[Items from a data source]
********************
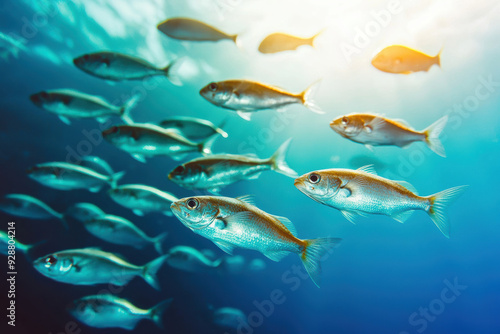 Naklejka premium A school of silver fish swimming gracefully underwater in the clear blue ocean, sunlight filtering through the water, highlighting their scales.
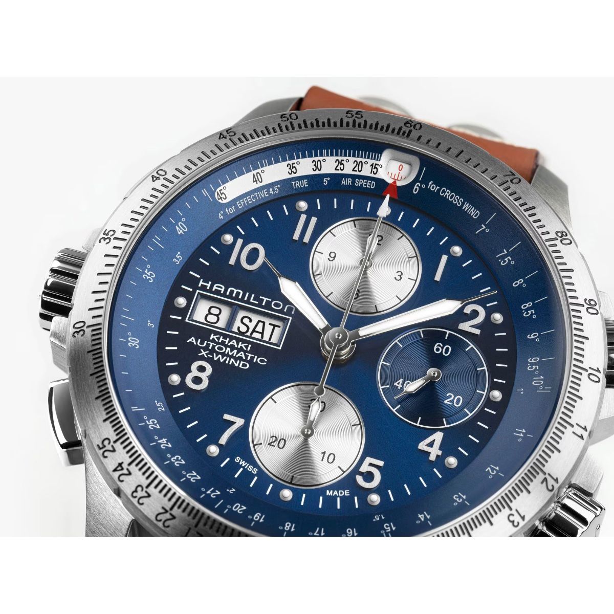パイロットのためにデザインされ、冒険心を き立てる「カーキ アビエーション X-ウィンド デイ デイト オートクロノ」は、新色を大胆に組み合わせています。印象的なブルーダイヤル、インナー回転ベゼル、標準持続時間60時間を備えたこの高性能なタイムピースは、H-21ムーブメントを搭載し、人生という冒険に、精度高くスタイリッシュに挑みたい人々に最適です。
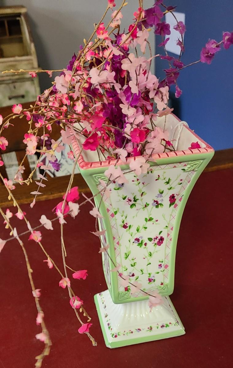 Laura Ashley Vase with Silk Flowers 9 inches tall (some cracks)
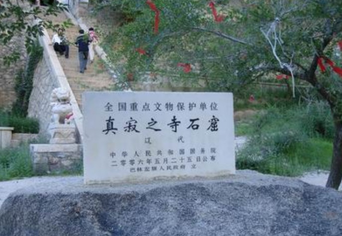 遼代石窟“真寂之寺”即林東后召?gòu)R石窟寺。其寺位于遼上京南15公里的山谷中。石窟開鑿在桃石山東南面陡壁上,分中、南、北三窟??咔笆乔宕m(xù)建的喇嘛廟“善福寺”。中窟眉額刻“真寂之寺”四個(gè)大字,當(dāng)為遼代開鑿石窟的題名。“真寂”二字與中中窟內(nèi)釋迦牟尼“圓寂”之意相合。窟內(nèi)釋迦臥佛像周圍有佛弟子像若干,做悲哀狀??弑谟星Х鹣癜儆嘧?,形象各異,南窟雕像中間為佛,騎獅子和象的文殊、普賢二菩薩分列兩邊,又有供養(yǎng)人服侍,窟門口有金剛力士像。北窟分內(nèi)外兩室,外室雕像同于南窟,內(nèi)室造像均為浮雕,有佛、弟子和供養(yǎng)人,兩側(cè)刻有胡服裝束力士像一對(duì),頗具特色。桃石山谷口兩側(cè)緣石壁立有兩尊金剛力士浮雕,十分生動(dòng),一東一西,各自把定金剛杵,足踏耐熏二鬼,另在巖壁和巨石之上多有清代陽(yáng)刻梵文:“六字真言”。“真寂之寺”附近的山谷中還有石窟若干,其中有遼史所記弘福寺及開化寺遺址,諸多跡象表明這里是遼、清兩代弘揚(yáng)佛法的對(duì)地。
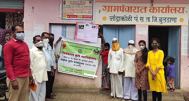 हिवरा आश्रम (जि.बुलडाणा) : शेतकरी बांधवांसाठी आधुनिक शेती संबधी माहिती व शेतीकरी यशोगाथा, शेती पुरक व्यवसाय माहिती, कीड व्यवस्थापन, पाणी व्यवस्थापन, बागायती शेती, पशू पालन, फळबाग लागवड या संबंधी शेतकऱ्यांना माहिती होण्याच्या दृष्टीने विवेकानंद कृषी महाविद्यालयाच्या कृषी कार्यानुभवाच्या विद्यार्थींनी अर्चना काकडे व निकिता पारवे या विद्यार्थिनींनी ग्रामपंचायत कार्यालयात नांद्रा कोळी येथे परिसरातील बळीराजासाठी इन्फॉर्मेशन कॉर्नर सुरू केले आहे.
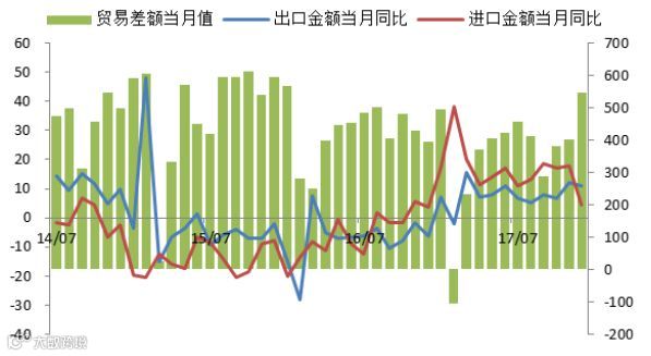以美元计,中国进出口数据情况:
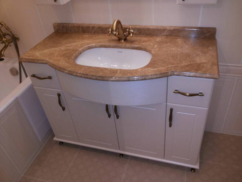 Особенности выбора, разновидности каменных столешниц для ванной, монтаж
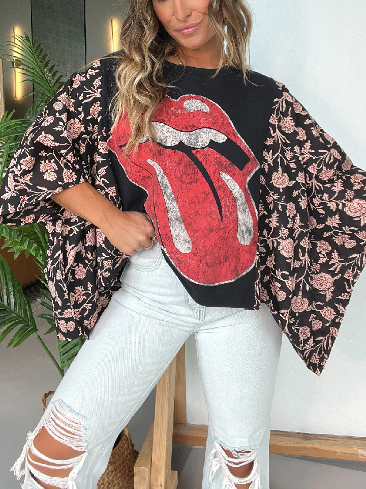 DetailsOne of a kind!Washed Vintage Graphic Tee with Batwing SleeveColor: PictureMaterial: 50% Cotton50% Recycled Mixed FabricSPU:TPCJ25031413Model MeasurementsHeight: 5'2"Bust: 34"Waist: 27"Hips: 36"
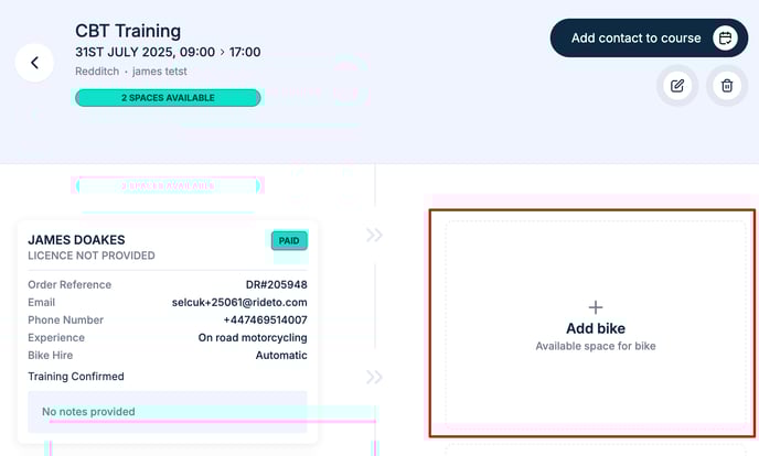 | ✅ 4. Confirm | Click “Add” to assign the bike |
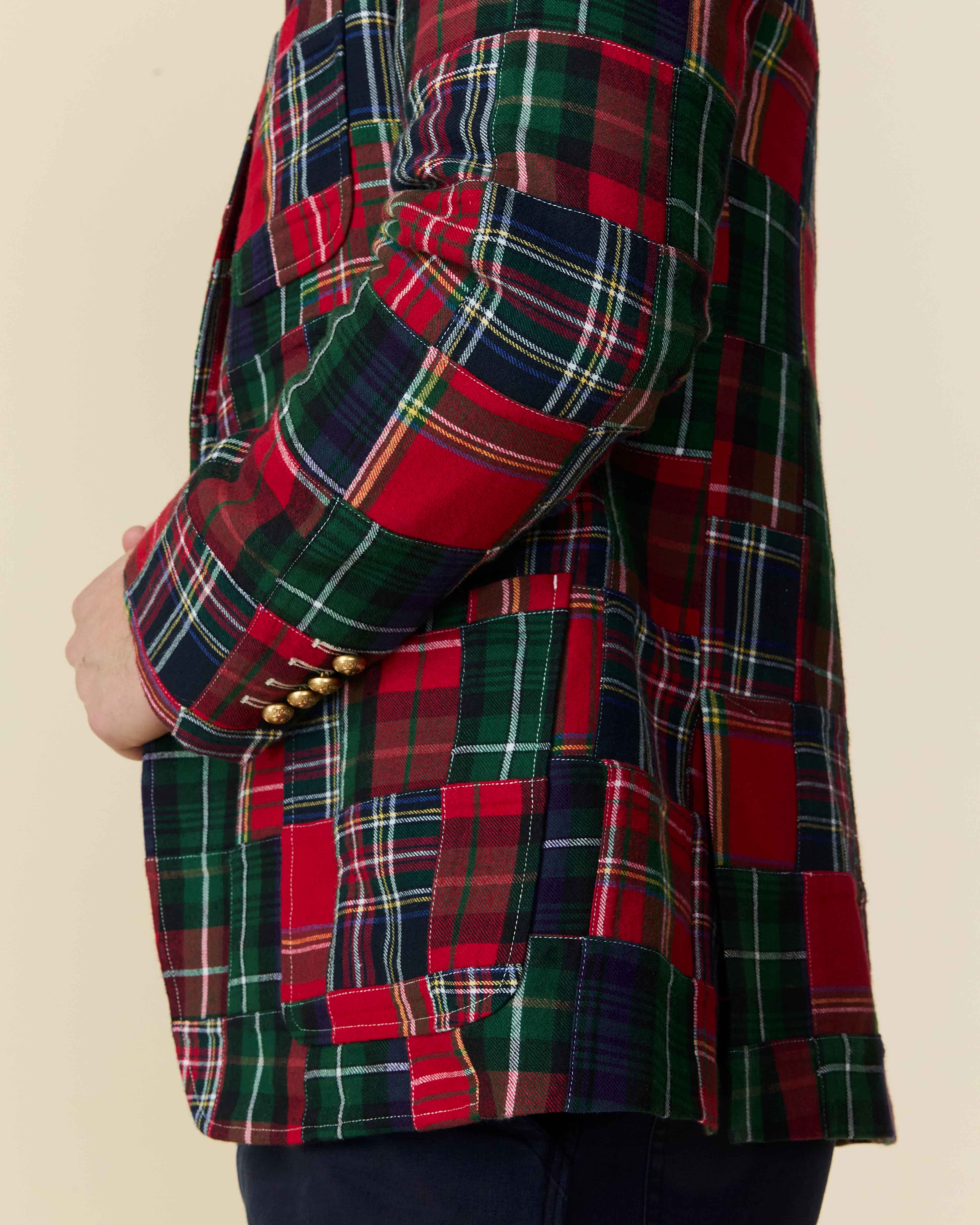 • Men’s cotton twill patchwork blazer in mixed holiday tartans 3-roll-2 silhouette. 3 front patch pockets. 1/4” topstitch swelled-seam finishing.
********************
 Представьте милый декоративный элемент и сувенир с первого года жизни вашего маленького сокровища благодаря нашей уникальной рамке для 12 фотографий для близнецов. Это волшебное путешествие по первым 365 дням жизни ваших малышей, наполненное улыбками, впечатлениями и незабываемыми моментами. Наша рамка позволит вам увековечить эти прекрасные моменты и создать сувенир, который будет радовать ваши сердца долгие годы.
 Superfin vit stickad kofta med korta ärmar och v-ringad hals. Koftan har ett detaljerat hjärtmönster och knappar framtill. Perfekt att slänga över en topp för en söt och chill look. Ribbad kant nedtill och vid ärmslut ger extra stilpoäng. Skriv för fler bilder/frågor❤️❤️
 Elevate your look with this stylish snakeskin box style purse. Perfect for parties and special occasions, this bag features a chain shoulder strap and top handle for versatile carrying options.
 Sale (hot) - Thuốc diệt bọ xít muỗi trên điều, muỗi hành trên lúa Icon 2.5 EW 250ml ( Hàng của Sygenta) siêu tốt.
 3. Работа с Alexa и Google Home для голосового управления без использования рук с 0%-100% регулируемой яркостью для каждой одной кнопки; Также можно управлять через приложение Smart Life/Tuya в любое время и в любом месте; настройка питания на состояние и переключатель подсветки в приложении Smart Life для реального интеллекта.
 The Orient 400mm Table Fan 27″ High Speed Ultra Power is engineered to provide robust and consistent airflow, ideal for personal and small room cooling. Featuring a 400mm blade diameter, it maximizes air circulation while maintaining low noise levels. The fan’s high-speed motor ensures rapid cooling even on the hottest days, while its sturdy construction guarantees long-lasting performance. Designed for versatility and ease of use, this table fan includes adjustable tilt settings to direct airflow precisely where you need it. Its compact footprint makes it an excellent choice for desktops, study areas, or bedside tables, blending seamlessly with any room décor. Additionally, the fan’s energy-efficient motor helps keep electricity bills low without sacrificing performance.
********************
* [Task description]: Pictures aside, return exactly the lines from the data above, starting at the line that has "Naklejka premium A" and ending at the line that has "Laura Ashley Vase", both included.

* [Finished exercise]:
 Naklejka premium A school of silver fish swimming gracefully underwater in the clear blue ocean, sunlight filtering through the water, highlighting their scales.
パイロットのためにデザインされ、冒険心を き立てる「カーキ アビエーション X-ウィンド デイ デイト オートクロノ」は、新色を大胆に組み合わせています。印象的なブルーダイヤル、インナー回転ベゼル、標準持続時間60時間を備えたこの高性能なタイムピースは、H-21ムーブメントを搭載し、人生という冒険に、精度高くスタイリッシュに挑みたい人々に最適です。
 Laura Ashley Vase with Silk Flowers 9 inches tall (some cracks)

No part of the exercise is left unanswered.